MPX is primarily transmitted via direct contact with infectious lesions, bodily fluids, or contaminated materials. Respiratory droplet transmission is also possible, particularly with prolonged exposure. In pregnancy, vertical transmission remains a concern, although the precise risk level is unclear due to limited data. However, given the potential for congenital infection, pregnant individuals should take extra precautions to avoid exposure. The risk of transplacental transmission, while not fully understood, has been observed in similar viruses within the Orthopoxvirus genus, suggesting that monkeypox might similarly impact the developing fetus if the mother is infected during pregnancy (16,21).
The placenta can play a crucial role in preventing or facilitating vertical transmission of certain viruses. However, in some viral infections, the placenta may not provide sufficient protection, potentially allowing the virus to reach the fetus. In cases where vertical transmission occurs, the fetus may be at risk of severe illness or developmental issues, although further research is needed to understand these risks in monkeypox infections specifically. Given the potential for severe outcomes, healthcare providers must remain vigilant in monitoring and supporting pregnant patients with monkeypox to manage complications as they arise (17).
Given that MPX is an orthopoxvirus, it may share transmission mechanisms such as transplacental infection, placental inflammatory responses, and direct fetal viral invasion. Variola virus, responsible for smallpox, has been shown to cross the placenta, leading to fetal demise and congenital infections (24). Similarly, vaccinia virus, used in smallpox vaccines, has been associated with fetal vaccinia in rare cases when administered to pregnant individuals (25). These insights suggested that MPX may have the potential for vertical transmission, although robust epidemiological data are lacking.
Lactating mothers with monkeypox (MPX) encounter unique challenges due to the potential risk of transmitting the virus to their infants.
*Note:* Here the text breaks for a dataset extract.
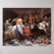 This painting is in the Wallace Collection in London. It shows a party to celebrate the arrival of a newborn baby. In the middle, a father holds his newborn. On the left, the mother lays in her bed (below the canopy on the top left). Friends and family surround the father and baby. The scene is chaotic but happy. People engage in all sorts of activities, and bowls, pans, plates, egg shells, and food are scattered throughout the room. In the foreground, a maid is shown from the back. She is dressed in happy colours and holds a red chair for the father to sit in. The woman standing on the right side (from our point of view) from the father will receive some money from the father who puts his left hand in a money bag. In the right foreground, a smiling woman is stirring in a large pot and holds up her hand to receive some money as well. Another woman helps her pouring sugar into the pot. The maid on the right is getting a sausage that hangs from the chimney. On the left, two people are paying attention to the mother, and one of them feeds her some soup. To the left of the table, a pregnant woman sits next to a crib. She holds a glass in her left hand and conceals her belly with a white apron.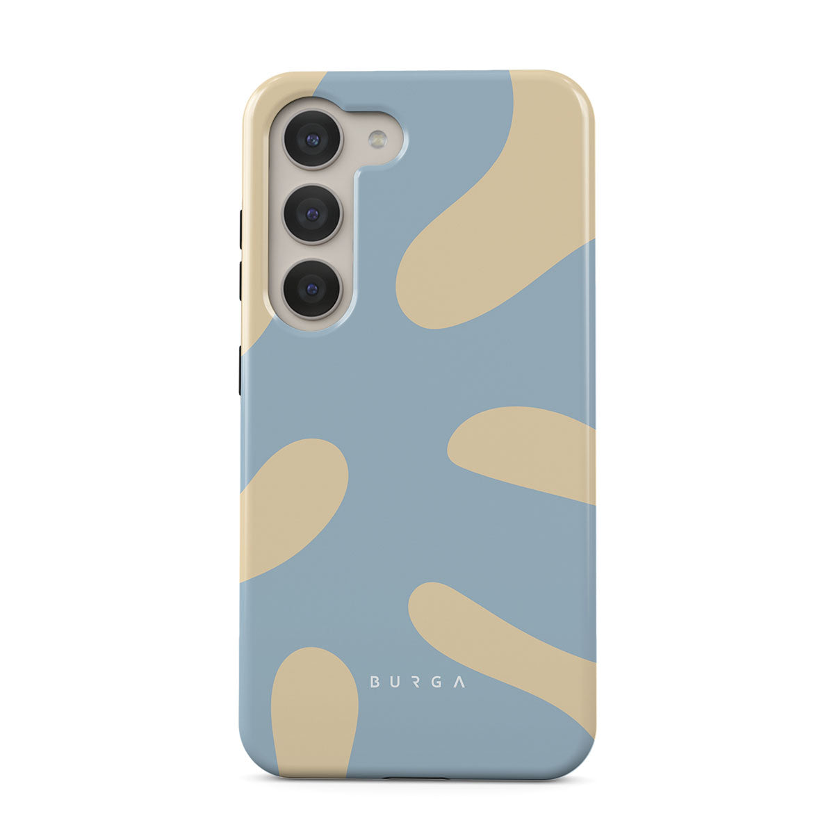 此設計特色:波浪,抽象圖案,淺藍色漩渦,奶油黃色漩渦.

Although MPX spreads mainly through direct contact with lesions or bodily fluids, there have been reports of the virus being present in breast milk, though evidence is limited. As a result, breastfeeding may pose a transmission risk, especially if the mother has active lesions on her breast. However, current data on the presence of the monkeypox virus in breast milk remain scarce. For lactating mothers with monkeypox, alternative feeding methods may be safer if the mother has active lesions. Mothers should practice strict hygiene and ensure proper sanitization to reduce exposure risk (14). Guidelines generally advise lactating mothers with active MPX lesions to temporarily suspend direct breastfeeding and consider alternative feeding methods, such as expressing breast milk. This approach allows the infant to continue receiving the immunological and nutritional benefits of human milk while minimizing the risk of direct viral exposure. However, strict hygiene measures, including sanitization of breast pumps and feeding bottles, must be followed to prevent potential contamination (3,4,8,9).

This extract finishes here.